Introduction

This procedure explains how to download and process the Bureau of Meteorology data.

Download and Extract Data

The data is stored in a ZIP file at a fixed ftp location.

# Download and extract data
file <- "ftp://ftp.bom.gov.au/anon2/home/ncc/srds/Scheduled_Jobs/DS036_ColibanWater/DS036Coliban.zip"
download.file(file, destfile="DS036Coliban.zip")
unzip("DS036Coliban.zip")
data.files <- dir()

The ZIP file contains 34 files, of which 37 contain data. The DC02D_Notes_5559344761.txt file describes the data files. The DC02D_StnDet_5559344761.txt file is a control table of the stations.

Control Table

The control table includes a range of characteristics of the included stations, including geospatial information, length of record keeping and data quality. The currently included stations are:

stations <- read.csv("DC02D_StnDet_5559344761.txt")
stations$Station.Name <- gsub("(?<=\\b)([a-z])", "\\U\\1", tolower(stations$Station.Name), perl=TRUE) # Capitalisation
stations$Station.Name <- sub("\\s+$", "", stations$Station.Name) #Remove trailing spaces
knitr::kable(stations[,c(2,4)])
Bureau.of.Meteorology.Station.Number Station.Name
80002 Boort
80013 Pyramid Hill (Sylvaterre)
80015 Echuca Aerodrome
80017 Gladfield Hopefield Estate
80020 Gunbower Gee Tee Stud
80023 Kerang
80027 Korong Vale (Burnbank)
80036 Mincha
80049 Rochester
80103 Dingee
80128 Charlton
81002 Bealiba
81020 Inglewood (Post Office)
81041 Raywood
81047 Tarnagulla
81058 Bridgewater (Post Office)
81083 Eppalock Reservoir
81085 Dunolly
81092 Eastville (Bonnie Banks)
81115 Wanalta Daen Station
81123 Bendigo Airport
88029 Heathcote
88042 Malmsbury Reservoir
88043 Maryborough
88048 Newstead
88050 Pyalong West (Cavan Park)
88059 Trentham (Post Office)
88108 Vaughan
88110 Castlemaine Prison
88118 Harcourt
88123 Kyneton
88161 Maldon (Stump St)

Merge Data

Each .txt file contains 61 days of climate data (percipitaion, maximum temperature and evaporation). Not all data is available for each station at a daily basis. Refer to the DC02D_Notes_5559344761.txt file for details.
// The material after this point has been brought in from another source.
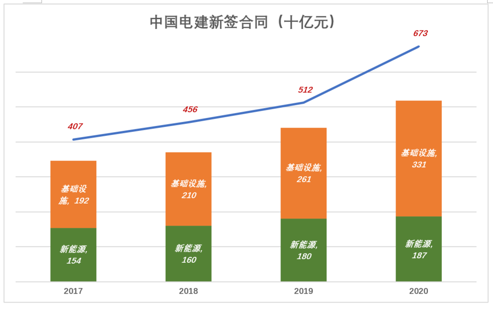 2020年,中国电建新签合同6733亿元、同比增长31.5%。其中清洁能源数合同金额达1866亿,包括江苏如东海上风电场(125亿)、三峡新能源山东平牟一期300MW海上风电(55亿)、内蒙芝瑞抽水蓄能电站(22亿)、河北易县抽水蓄能电站(19亿)……还有赞比亚三个200MW光伏项目(45亿)、越南平大310MW海上风电项目(36亿)……

data.files <- data.files[grepl("_Data_", data.files)]
climate.data <- data.frame()
for (data.file in data.files) {
  station.data <- read.csv(data.file)
  climate.data <- rbind(climate.data, station.data)
}
climate.data$Day.Month.Year.in.DD.MM.YYYY.format <- as.Date(climate.data$Day.Month.Year.in.DD.MM.YYYY.format, format="%d/%m/%Y")
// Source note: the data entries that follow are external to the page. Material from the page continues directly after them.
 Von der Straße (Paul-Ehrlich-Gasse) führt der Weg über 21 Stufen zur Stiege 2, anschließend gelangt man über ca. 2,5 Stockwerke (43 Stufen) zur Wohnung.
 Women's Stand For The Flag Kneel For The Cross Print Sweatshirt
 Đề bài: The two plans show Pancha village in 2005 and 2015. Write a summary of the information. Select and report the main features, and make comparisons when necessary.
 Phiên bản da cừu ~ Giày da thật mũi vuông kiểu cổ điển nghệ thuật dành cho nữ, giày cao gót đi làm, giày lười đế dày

This results in a data table with 3059 observations. This data is merged with parts of the stationlist to add geospatial context to the data.

climate.data <- merge(climate.data, stations[,c(2,4,7,8)], by.x="Station.Number", by.y="Bureau.of.Meteorology.Station.Number" )

Explore data

library(ggplot2)
ggplot(climate.data, aes(x=Day.Month.Year.in.DD.MM.YYYY.format, y=Maximum.temperature.in.24.hours.after.9am..local.time..in.Degrees.C)) + geom_line() + facet_wrap(~Station.Name) + labs(title="Maximum temperature")
## Warning: Removed 1000 rows containing missing values (geom_path).

ggplot(climate.data, aes(x=Day.Month.Year.in.DD.MM.YYYY.format, y=Precipitation.in.the.24.hours.before.9am..local.time..in.mm)) + geom_line() + facet_wrap(~Station.Name) + labs(title="Percipitaion")

ggplot(climate.data, aes(x=Day.Month.Year.in.DD.MM.YYYY.format, y=Evaporation.in.24.hours.before.9am..local.time..in.mm)) + geom_line() + facet_wrap(~Station.Name) + labs(title="Percipitaion")
## Warning: Removed 2967 rows containing missing values (geom_path).